WHAT IS REQUIRED
Only the lines below from the one that contains "ガレ場は足元に気を付けて 8時06分 黄色のペンキを目印に足場を確認して歩く。" through the one that contains "仪式上,济南大学副校长陈月辉" should appear in your answer, exact and without pictures.

INPUT DATA
§
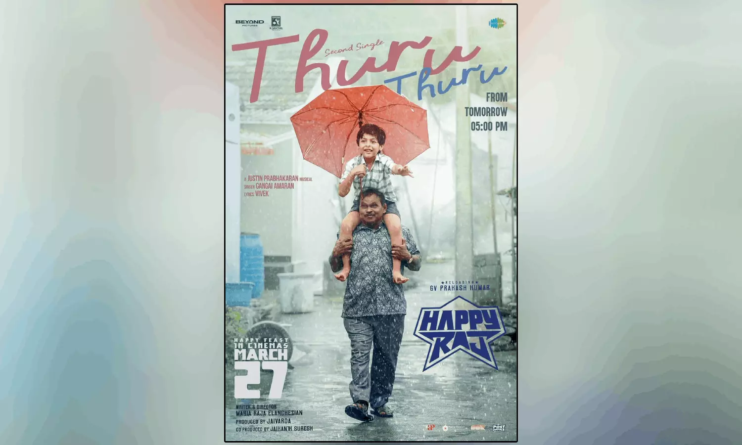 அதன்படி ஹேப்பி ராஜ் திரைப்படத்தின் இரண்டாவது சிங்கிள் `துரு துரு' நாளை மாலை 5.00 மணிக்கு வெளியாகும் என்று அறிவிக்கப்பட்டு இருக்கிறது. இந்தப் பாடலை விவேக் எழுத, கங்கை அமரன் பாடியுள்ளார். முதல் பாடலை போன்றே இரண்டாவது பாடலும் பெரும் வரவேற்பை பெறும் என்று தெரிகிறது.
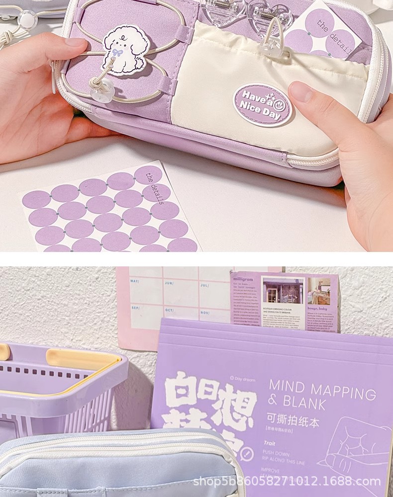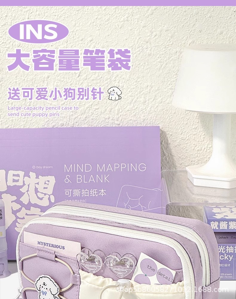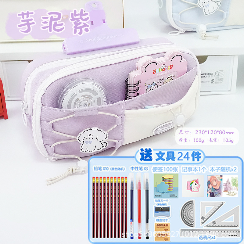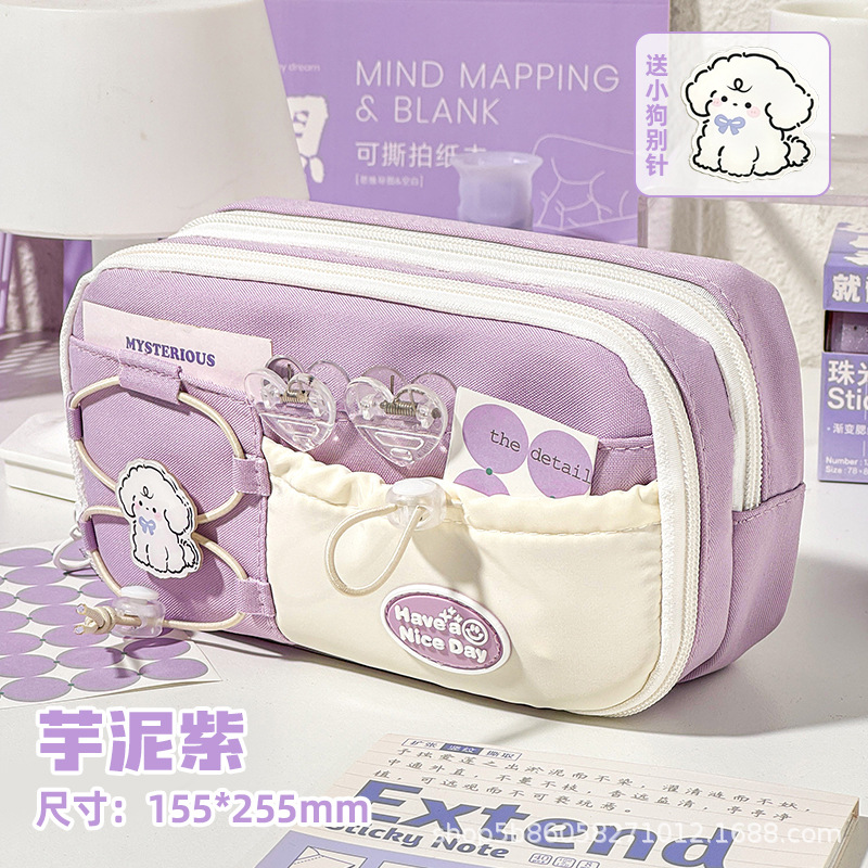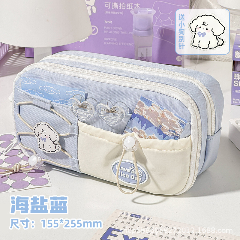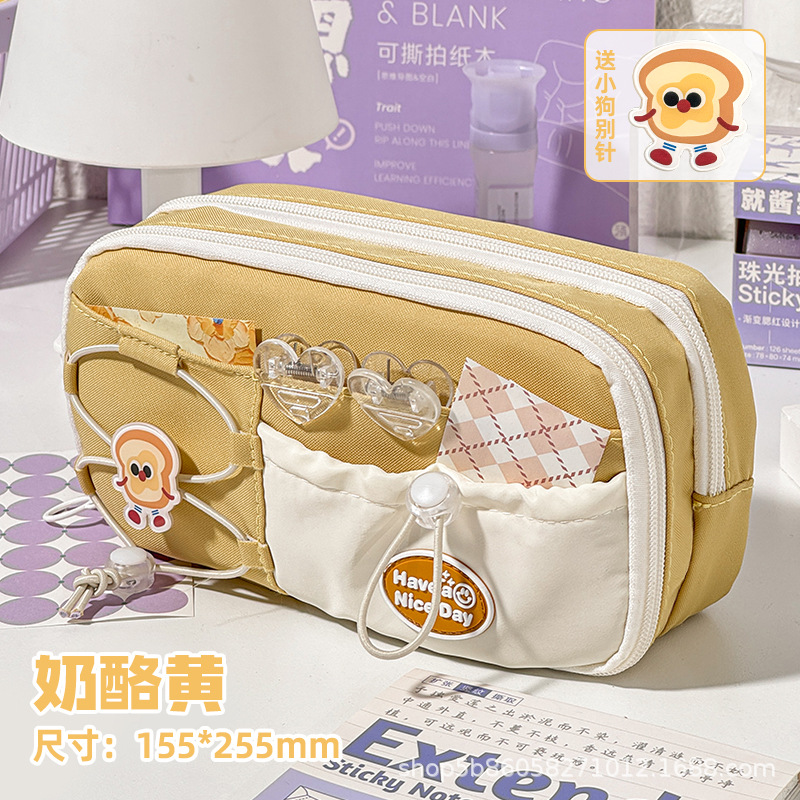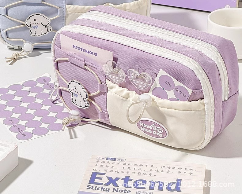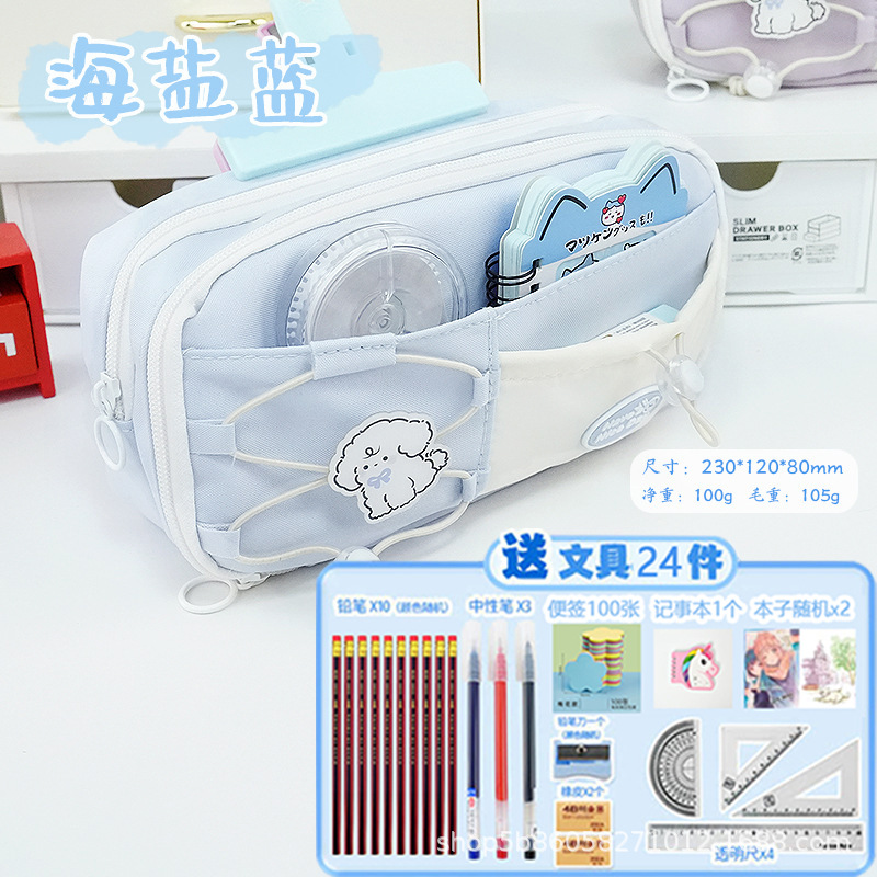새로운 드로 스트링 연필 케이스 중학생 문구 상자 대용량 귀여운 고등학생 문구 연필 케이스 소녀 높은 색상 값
§
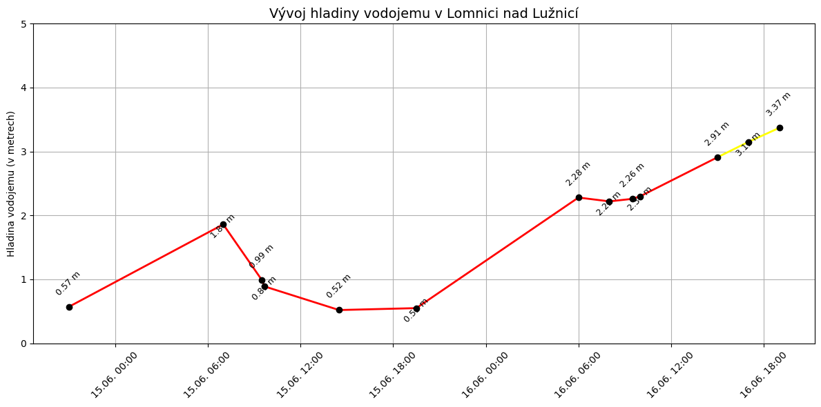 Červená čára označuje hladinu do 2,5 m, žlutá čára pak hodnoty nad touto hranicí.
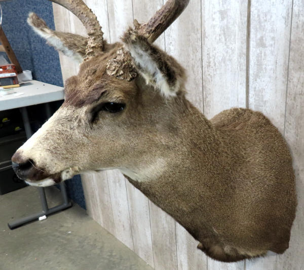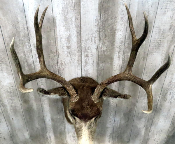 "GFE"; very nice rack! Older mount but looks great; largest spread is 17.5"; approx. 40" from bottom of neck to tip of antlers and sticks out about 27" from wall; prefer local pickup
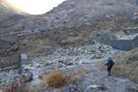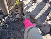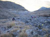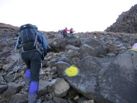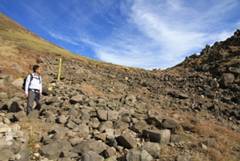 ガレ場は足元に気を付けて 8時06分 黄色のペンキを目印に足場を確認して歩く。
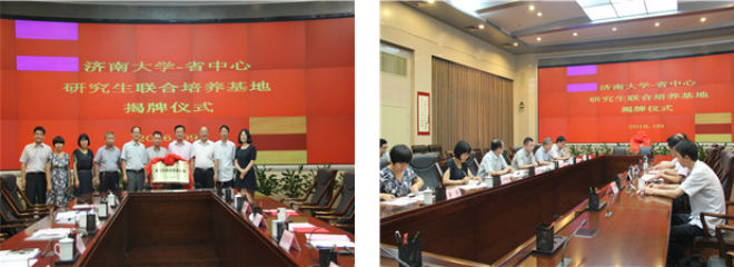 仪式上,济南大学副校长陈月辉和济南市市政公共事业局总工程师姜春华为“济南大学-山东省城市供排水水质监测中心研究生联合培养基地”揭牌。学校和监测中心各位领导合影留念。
§
SOLUTION FOR THIS EXERCISE
 ガレ場は足元に気を付けて 8時06分 黄色のペンキを目印に足場を確認して歩く。
 仪式上,济南大学副校长陈月辉和济南市市政公共事业局总工程师姜春华为“济南大学-山东省城市供排水水质监测中心研究生联合培养基地”揭牌。学校和监测中心各位领导合影留念。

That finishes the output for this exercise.